Cloudflare's original approach to customizing how your site behaves at the edge was a single system called Page Rules. One rule could cache everything, redirect a URL, set security levels, and adjust performance settings simultaneously. That flexibility was also the problem. Everything lived in one place, rule order mattered in unpredictable ways, and the system didn't scale cleanly as Cloudflare's product surface expanded. So they replaced it. Not all at once, but deliberately, with a set of purpose-built rule types that each do one job well.

What Page Rules Were Built For

Page Rules were designed as a catch-all configuration layer. Match a URL pattern, apply a pile of settings. For years, that was enough. A rule like "cache everything on /static/*" took one rule slot and handled it. The problem is that catch-all systems accumulate technical debt fast. Rules conflicted. Evaluation order became a debugging puzzle. New Cloudflare features didn't fit cleanly into the old model, so the system got bolted onto instead of rebuilt.

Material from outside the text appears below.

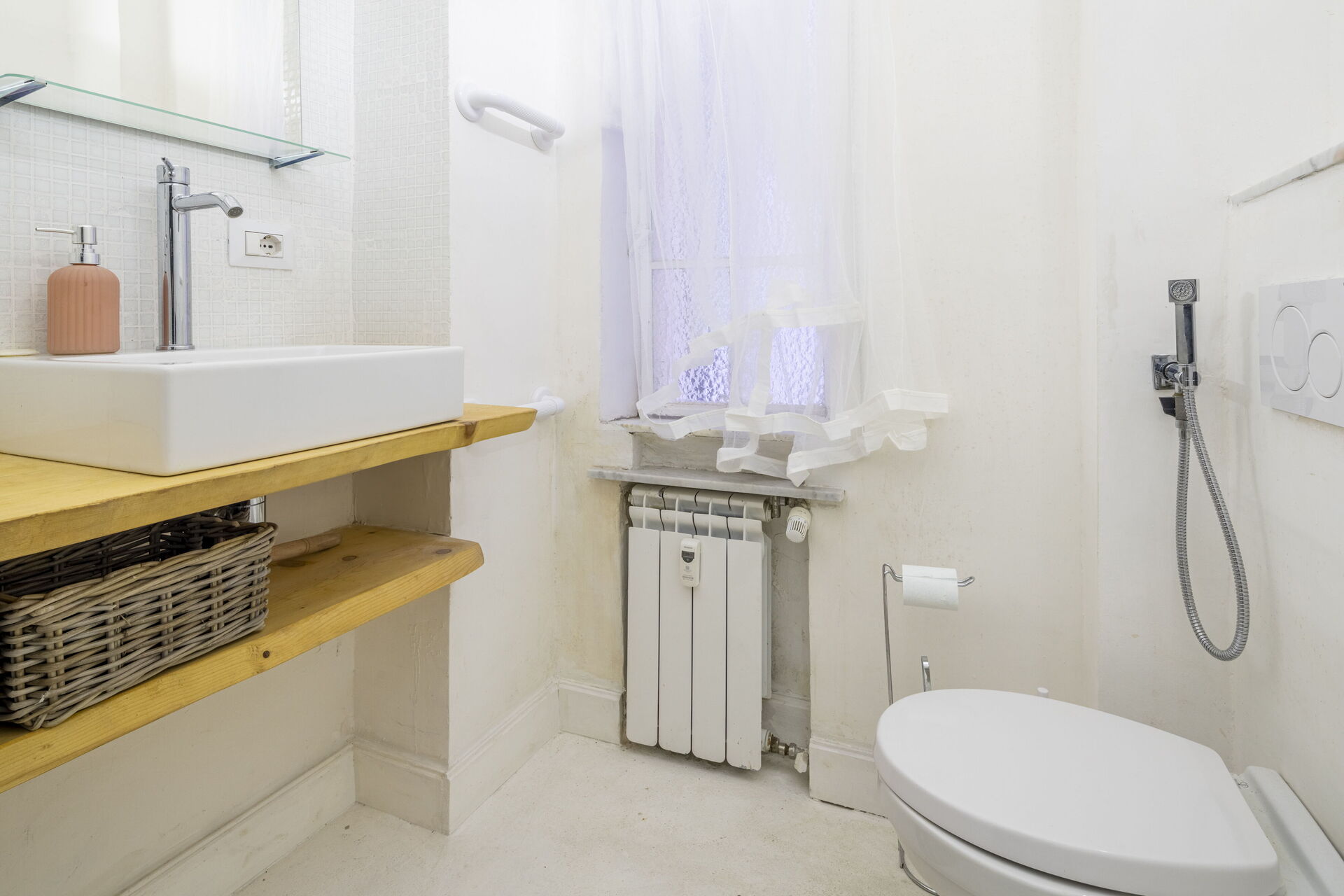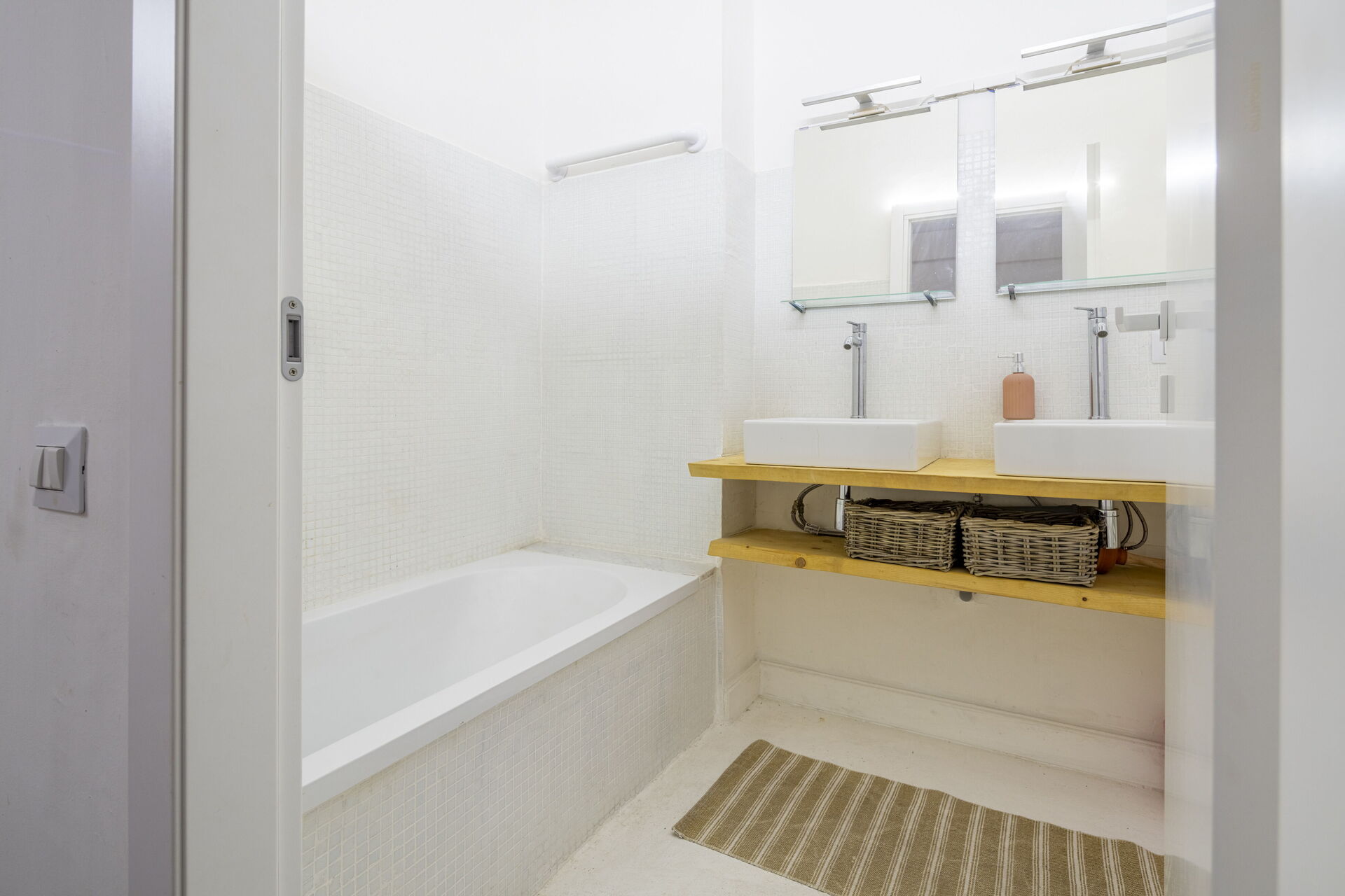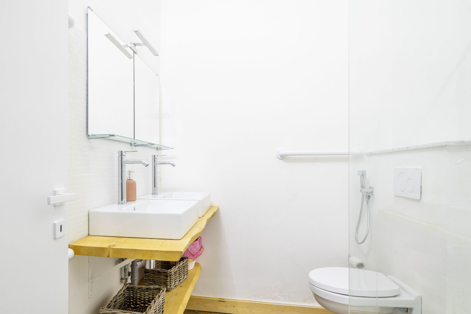 Badezimmer: Doppelwaschbecken, WC, Bidet, Dusche, Waschmaschine, WiFi Internet, Internet.

Page Rules still work. They're not gone yet. But Cloudflare has placed them on a deprecation roadmap, and new projects have no good reason to use them.

Page Rules Are Deprecated

Cloudflare has officially flagged Page Rules as a legacy system. They'll continue to function for existing configurations, but the platform is not investing in new features for them. New projects should start with the modern rules engine from day one.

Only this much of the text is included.